* _What the exercise asks_
Leaving out the pictures, please reproduce exactly and only the lines from the one that contains "The Honeywell RM7800G2018" through the last line below.
====== Material provided ======
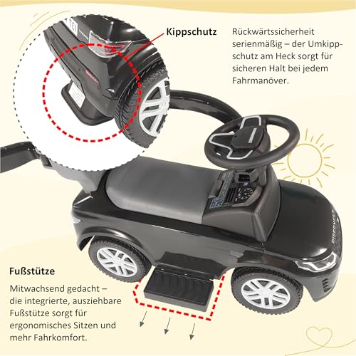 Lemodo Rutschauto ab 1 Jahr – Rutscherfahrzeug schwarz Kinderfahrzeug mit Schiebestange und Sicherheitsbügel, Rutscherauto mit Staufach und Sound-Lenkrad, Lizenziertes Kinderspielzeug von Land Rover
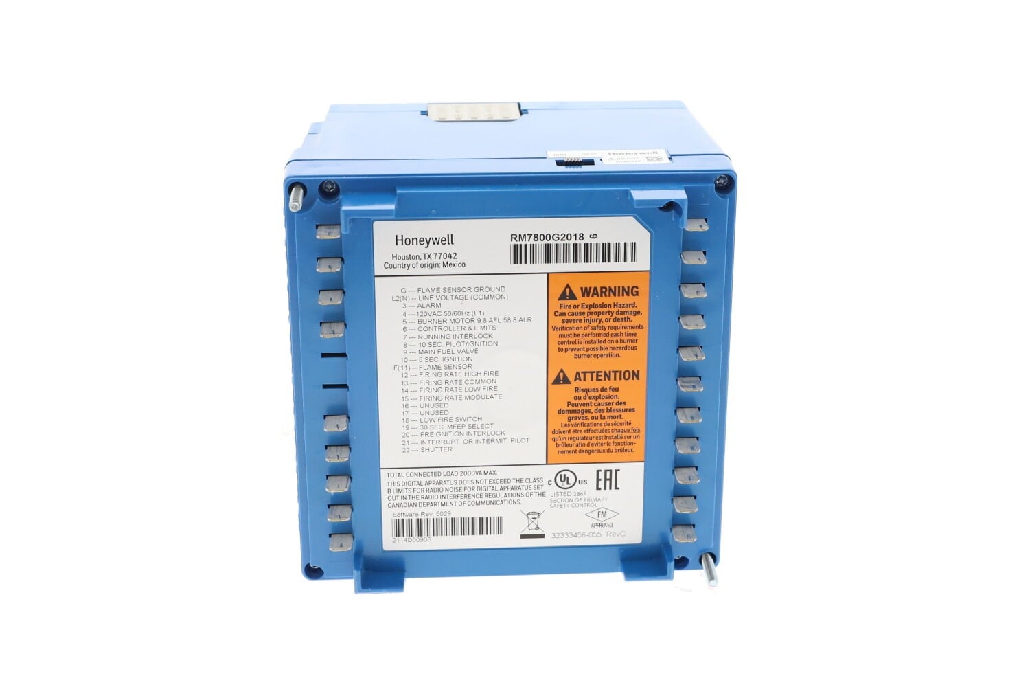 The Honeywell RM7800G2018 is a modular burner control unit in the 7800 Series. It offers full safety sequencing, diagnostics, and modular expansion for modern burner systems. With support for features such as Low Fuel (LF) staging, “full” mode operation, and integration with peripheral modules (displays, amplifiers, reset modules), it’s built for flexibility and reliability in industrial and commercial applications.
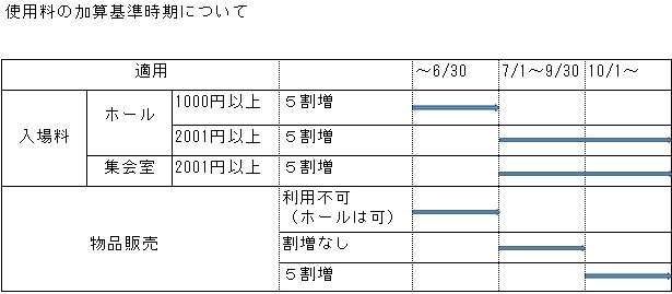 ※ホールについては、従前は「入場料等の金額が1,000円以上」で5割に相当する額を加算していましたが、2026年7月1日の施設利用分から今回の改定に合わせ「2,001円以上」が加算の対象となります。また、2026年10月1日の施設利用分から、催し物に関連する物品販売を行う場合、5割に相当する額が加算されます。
======
* _Result of the exercise_
 The Honeywell RM7800G2018 is a modular burner control unit in the 7800 Series. It offers full safety sequencing, diagnostics, and modular expansion for modern burner systems. With support for features such as Low Fuel (LF) staging, “full” mode operation, and integration with peripheral modules (displays, amplifiers, reset modules), it’s built for flexibility and reliability in industrial and commercial applications.
 ※ホールについては、従前は「入場料等の金額が1,000円以上」で5割に相当する額を加算していましたが、2026年7月1日の施設利用分から今回の改定に合わせ「2,001円以上」が加算の対象となります。また、2026年10月1日の施設利用分から、催し物に関連する物品販売を行う場合、5割に相当する額が加算されます。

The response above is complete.